Key Issues When Considering A Growth Equity Investment
For both maturing companies and investors, a growth equity investment presents a variety of opportunities. For companies, a growth equity investment is an opportunity to grow, restructure or enter a new market while maintaining control over vision and strategy. For investors, growth equity presents an opportunity to own a portion of a profitable, growing company with generally moderate risk.
We have outlined some key considerations when considering a growth equity investment and how different types can be used in different situations.
Identify The Purpose And Structure
It’s essential to understand the motivation and purpose of any growth equity event. Companies should also identify where the new money will sit in its capital stack as well as any related governance rights. Additionally, it is important to lay out indemnification terms and remedies, identify any need or desire to use debt, and address any new tax considerations.
Here are some common types of growth equity structures:
Recapitalization Type 1 – Partial Redemption
- This structure can be used for majority transactions but is more commonly seen in minority investments by a private equity fund to provide some liquidity for founders and existing stockholders.
- A private equity fund puts money into a target company in exchange for shares of convertible preferred stock.
- Equity proceeds (and debt proceeds if the deal is leveraged) are used to redeem shares from target company’s existing stockholders to get to the desired post-closing capitalization.
Recapitalization Type 2 – Partial Cross Purchase
- This structure is best used when a traditional redemption does not have the desired tax outcome for selling stockholders.
- The target company declares a pro rata stock dividend of tax common preferred shares on the outstanding common shares and existing stockholders, then sells the preferred shares directly a private equity fund.
- Determine whether dividend will be tax-free for existing stockholders and ensure that existing stockholders sell the newly distributed preferred shares.
- Alternatively, a private equity fund purchases common shares directly from existing stockholders and later exchanges common shares for newly created preferred shares.
- The target company stockholders exchange a portion of their shares of target for shares of one or more classes of the holding company's capital stock.
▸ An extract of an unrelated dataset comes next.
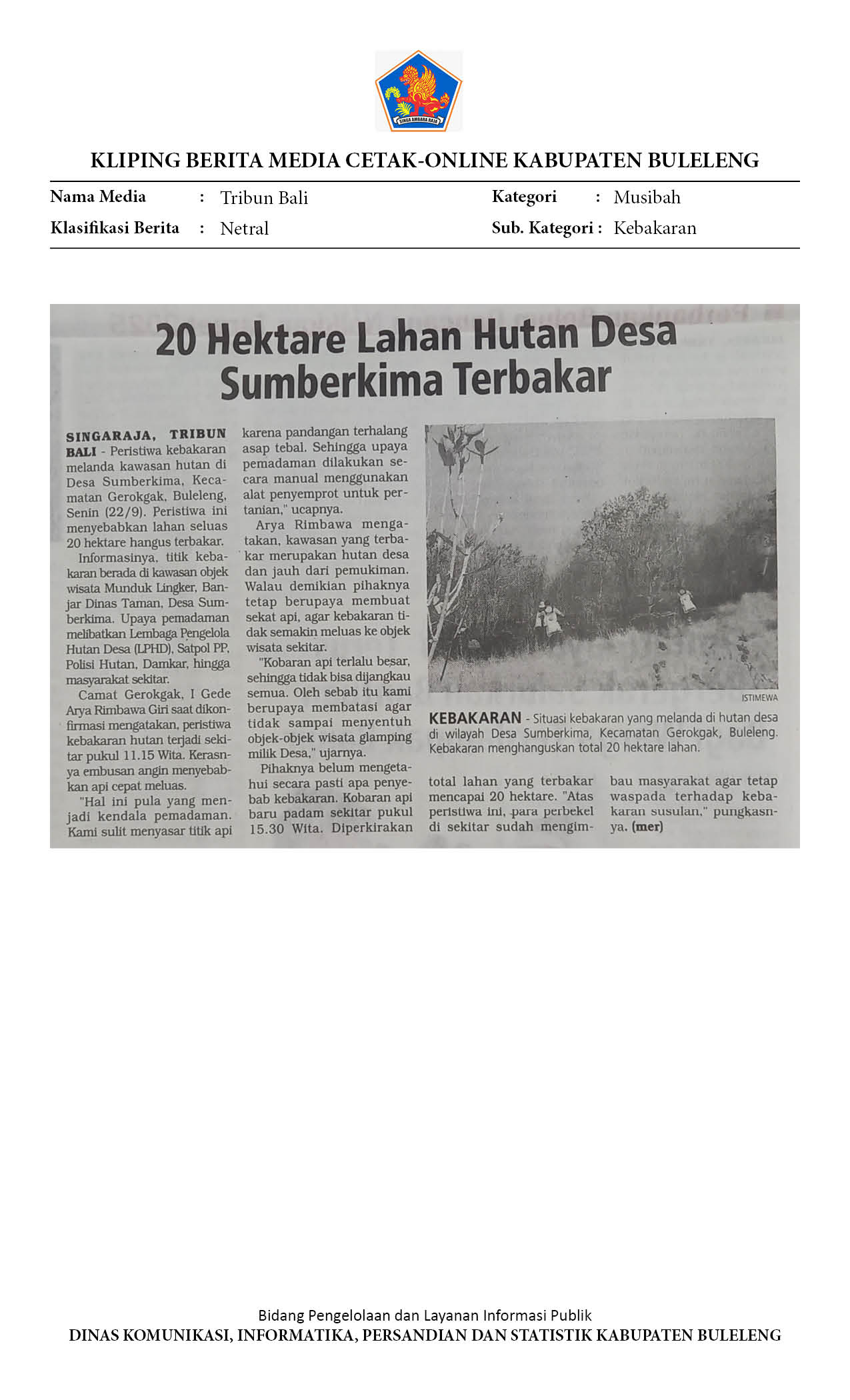 20 HEKTARE LAHAN HUTAN DESA SUMBERKIMA TERBAKAR

- Rollovers allow the buyer to set up a classic leveraged buyout (LBO) structure (parent holding company and subsidiary operating company) for debt and other financing purposes.
- Rollovers in most situations (that are not “add-on” deals) can be done on a tax-deferred basis.
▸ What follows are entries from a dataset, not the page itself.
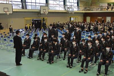 9月10日に3年生の就職希望者のみを対象に体育館にて令和3年度3年生就職激励会を実施しました。校長先生の激励の言葉に続いて、就職希望者を代表して機械科の松本昌士君が決意表明を行いました。
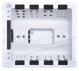 Оснащен 28 гидромассажными и 11 аэромассажными форсунками, которые обеспечивают:
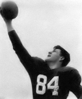 November 17, 1951 ... Harry Agganis piloted the B. U. Terriers past Wichita at Fenway Park as freshman Tom Gastall intercepted three passes. Agganis did what he pleased it seemed, as the first time he touched the ball he moved the team to a touchdown on the second play of the game. As a matter of fact, he completed five passes for 105 yards on the Terriers' first five plays and ran for five yards on the sixth play. After he warmed up his pitching arm, he saw that his receivers were not having trouble and the offense exploded. B.U.'s 39 points ran the team's total to 280 for the years, setting a new team record. The first touchdown was Agganis' only scoring throw, his 11th touchdown pass of the year. The B.U. quarterbacks total amount of yards in the air (13 for 23 netting 187 yards) was more than the total Wichita offensive production. Wichita's lone score came at the end of the first half with B.U. leading 19-0. |
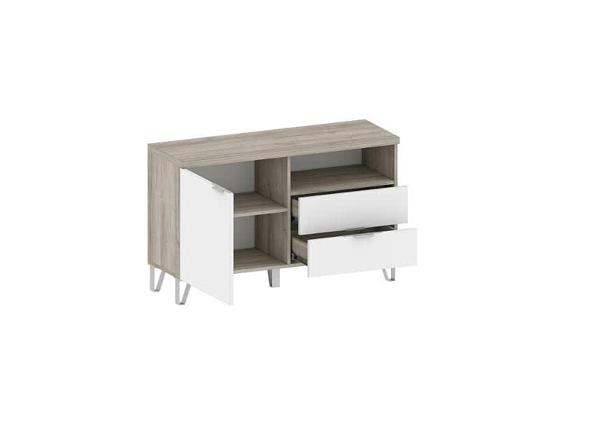 Тумба ТВ 2 ящика и полки Анима ТБ3021 дуб серый/белый 111х39х70 см

- Keep in mind that there can be no tax-free rollover with respect to the use of straight (or non-qualified) preferred shares.
No matter which structure a growth equity investment takes, there remain several considerations. Companies need to address board and committee representation, codify transfer restrictions and liquidity rights, outline protective covenants and blocks, and identify other customary rights.
All parties to a growth equity investment should also check with legal counsel to determine whether state or federal securities laws dictate or require amendments to the general approaches outlined above.
Finally, companies entering growth equity investments must address indemnification and remedies. These include identifying “From whom, to whom, for what…”, defining losses (actual, direct versus other damages), and how they are calculated and ultimately settled.